### Task details
Below are some records. Return exactly their lines from the one containing "Чеснок пропускаем через" through the one containing "Cortador de ángulo redondo 8", and drop the pictures.
(Stored data)
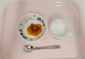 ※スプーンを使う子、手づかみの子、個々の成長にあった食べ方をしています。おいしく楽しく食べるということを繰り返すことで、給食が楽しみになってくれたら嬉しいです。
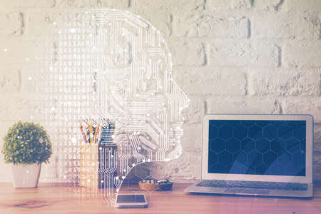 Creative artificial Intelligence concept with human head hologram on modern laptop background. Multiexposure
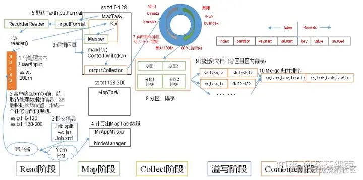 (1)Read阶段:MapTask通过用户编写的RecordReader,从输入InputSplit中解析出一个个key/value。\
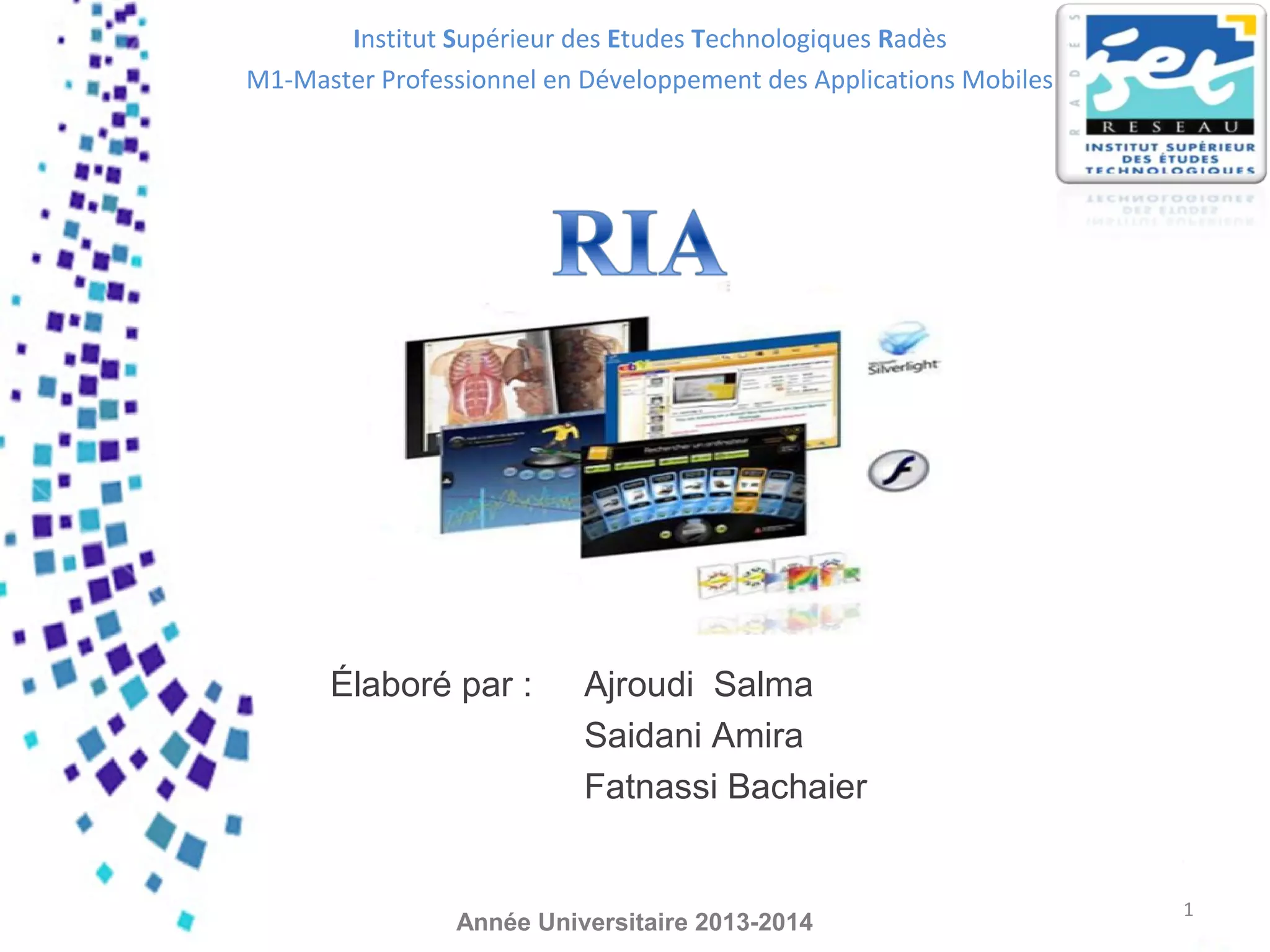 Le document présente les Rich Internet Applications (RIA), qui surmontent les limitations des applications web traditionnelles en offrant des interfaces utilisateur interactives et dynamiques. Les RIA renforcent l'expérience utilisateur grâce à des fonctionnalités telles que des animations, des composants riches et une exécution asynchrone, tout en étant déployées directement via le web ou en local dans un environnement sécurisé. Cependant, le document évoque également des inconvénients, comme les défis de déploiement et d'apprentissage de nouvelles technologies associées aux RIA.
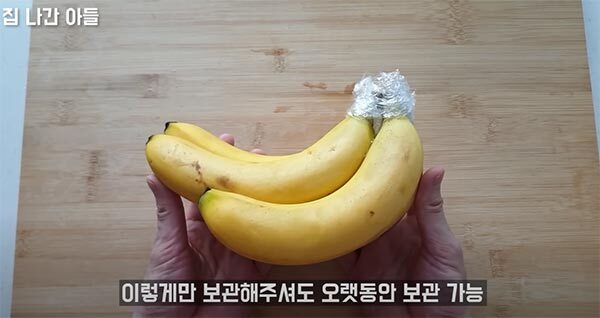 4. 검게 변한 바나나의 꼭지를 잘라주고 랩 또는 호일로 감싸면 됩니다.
(End Stored data)
(Stored data)
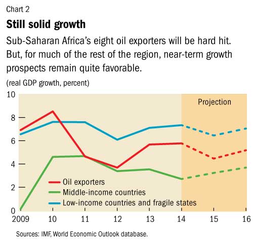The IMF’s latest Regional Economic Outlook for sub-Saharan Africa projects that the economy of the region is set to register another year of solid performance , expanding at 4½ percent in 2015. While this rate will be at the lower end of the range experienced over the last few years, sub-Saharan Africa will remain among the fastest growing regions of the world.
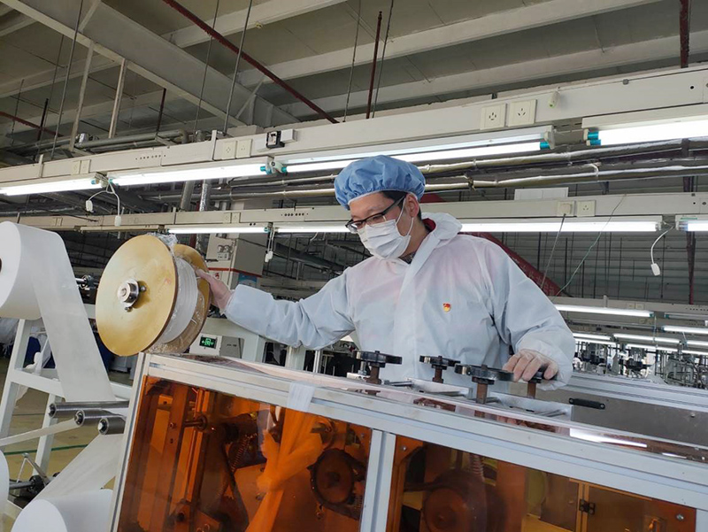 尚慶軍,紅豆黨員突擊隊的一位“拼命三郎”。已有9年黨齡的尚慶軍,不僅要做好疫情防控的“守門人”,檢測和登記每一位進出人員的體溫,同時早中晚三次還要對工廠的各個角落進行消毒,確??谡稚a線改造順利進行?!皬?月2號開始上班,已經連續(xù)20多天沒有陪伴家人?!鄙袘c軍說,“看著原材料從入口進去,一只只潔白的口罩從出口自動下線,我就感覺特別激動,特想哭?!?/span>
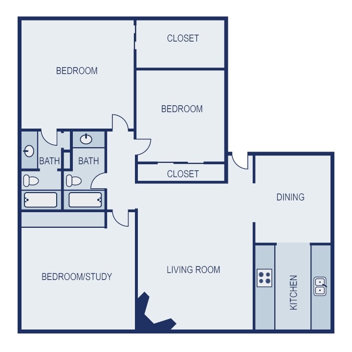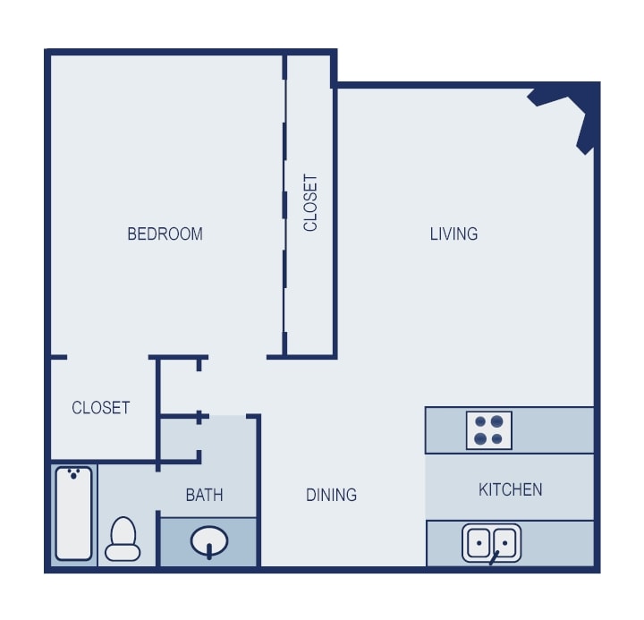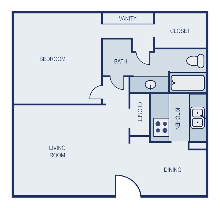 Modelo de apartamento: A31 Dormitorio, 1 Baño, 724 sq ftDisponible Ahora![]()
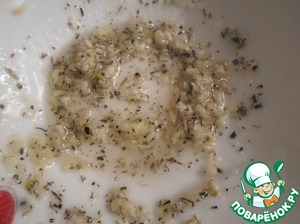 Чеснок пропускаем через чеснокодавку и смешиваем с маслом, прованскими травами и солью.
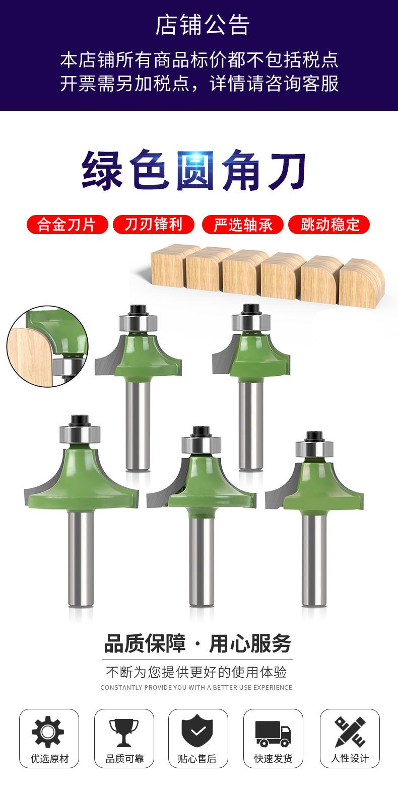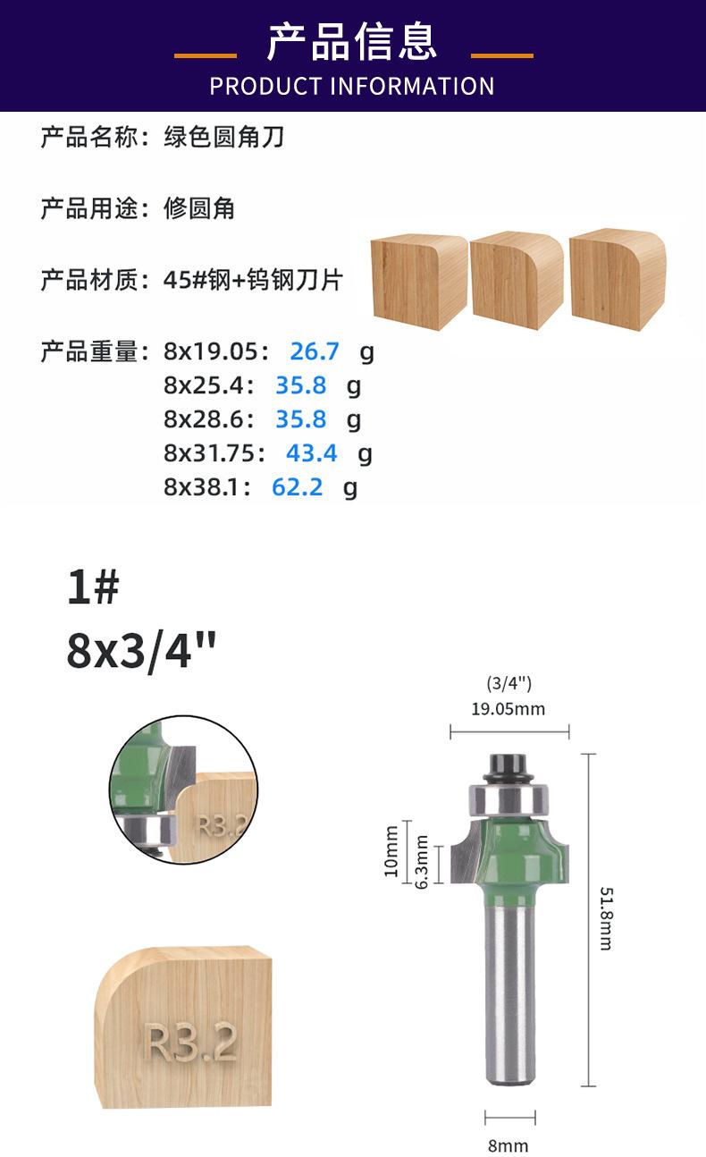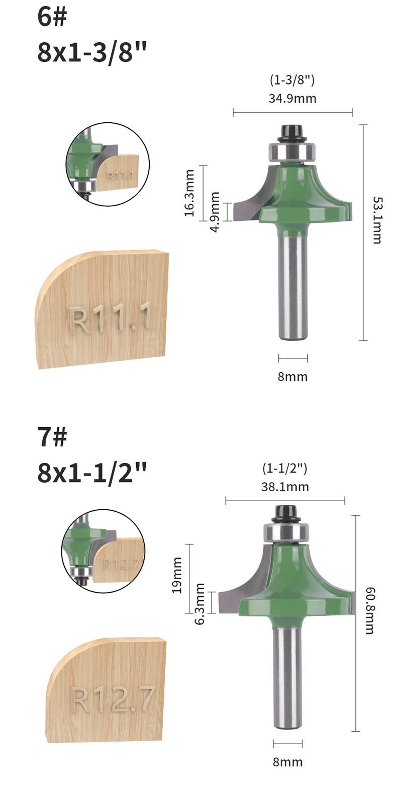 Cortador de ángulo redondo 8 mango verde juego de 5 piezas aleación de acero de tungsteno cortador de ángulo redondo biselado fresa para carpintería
(End Stored data)
### Result of this task
 Чеснок пропускаем через чеснокодавку и смешиваем с маслом, прованскими травами и солью.
 Cortador de ángulo redondo 8 mango verde juego de 5 piezas aleación de acero de tungsteno cortador de ángulo redondo biselado fresa para carpintería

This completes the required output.